Candelita made chugging noises. “Chuka-chuka-chuka-chuka…”
“Woo-woo!” Lalo hooted.
“¡Cállate!” Mamá said. “Listen!”
A high-pitched rattle cracked the silence. Candelita glanced sideways and saw a fat snake the color of dead leaves coiled between two rocks, nose pointed at her, tail vibrating a warning.
She froze.
“What?” Graciela’s voice startled her so much she almost threw her at the snake in anger.
“Keep walking, Candelita,” Mamá said. “No-no, don’t run! Just walk naturally.”
She tried not to cry as she struggled to remember how she normally walked. Papá circled behind the serpent, tossing her a wink before he crept up on it, forked stick in one hand, machete in the other, and struck fast: trapped the head with the fork, chopped it off in one stroke, and leapt back. The headless beast’s tail rattled on, and her heart clenched in horror.
Papá said, “Don’t worry. He’s dead. He just doesn’t know it yet.”
It seemed nothing frightened Papá, despite his quiet ways and Miguel’s accusations of cowardice. But was fearlessness enough? Papá used to break wild horses at the rancho, animals possessed by demons till he roped them tight, ran them dizzy, and cast them into the dust. But his courage hadn’t stopped one wild bronco from stomping his back and breaking him, ending his job—and any hope Papá might pay for Candelita to finish school. Now he’d killed a snake, but that wouldn’t prevent the next one from killing him. Then what would happen to them all?

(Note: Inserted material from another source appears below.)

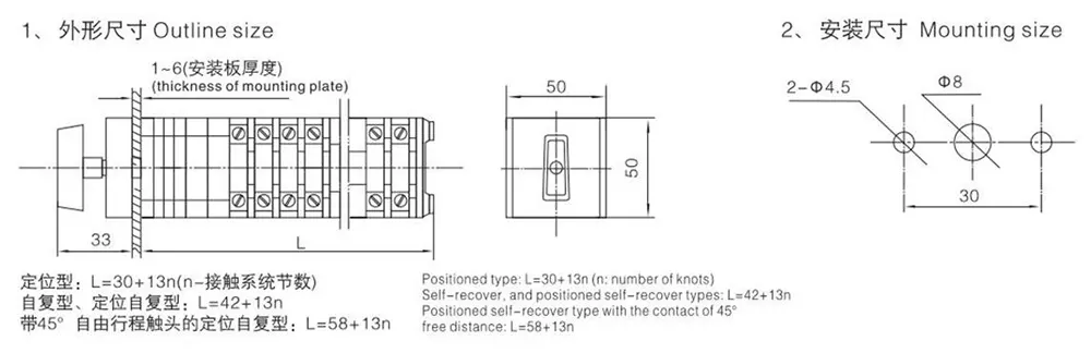 - Lắp đặt linh hoạt: Công tắc cam điều khiển tay cầm xoay phím 16A có kích thước nhỏ gọn, cho phép triển khai linh hoạt trong không gian hạn chế và thích ứng với các yêu cầu lắp đặt thiết bị khác nhau.

Mamá dropped her pack, rummaged inside, and pulled out her bone-handled knife. She whipped the snake’s length against the ground to stop its writhing, gutted the entrails, and cast them aside. Her movements had a ruthlessness, a certainty Candelita admired but felt sure she would never know. Mamá pointed the knife at her, presenting the bloody tip like a priest presenting the blood of Christ. “You’ll help me butcher this beast for dinner.”
Candelita had carved many a fresh kill before—chickens, pigs, rabbits—but this felt different, slicing up a snake that almost sank poisonous fangs into her moments ago. Not that she was still scared. Not at all. She enjoyed cutting this monster to bits.
Lalo smirked, “Can I give Graciela the rattle before you chop that up too?”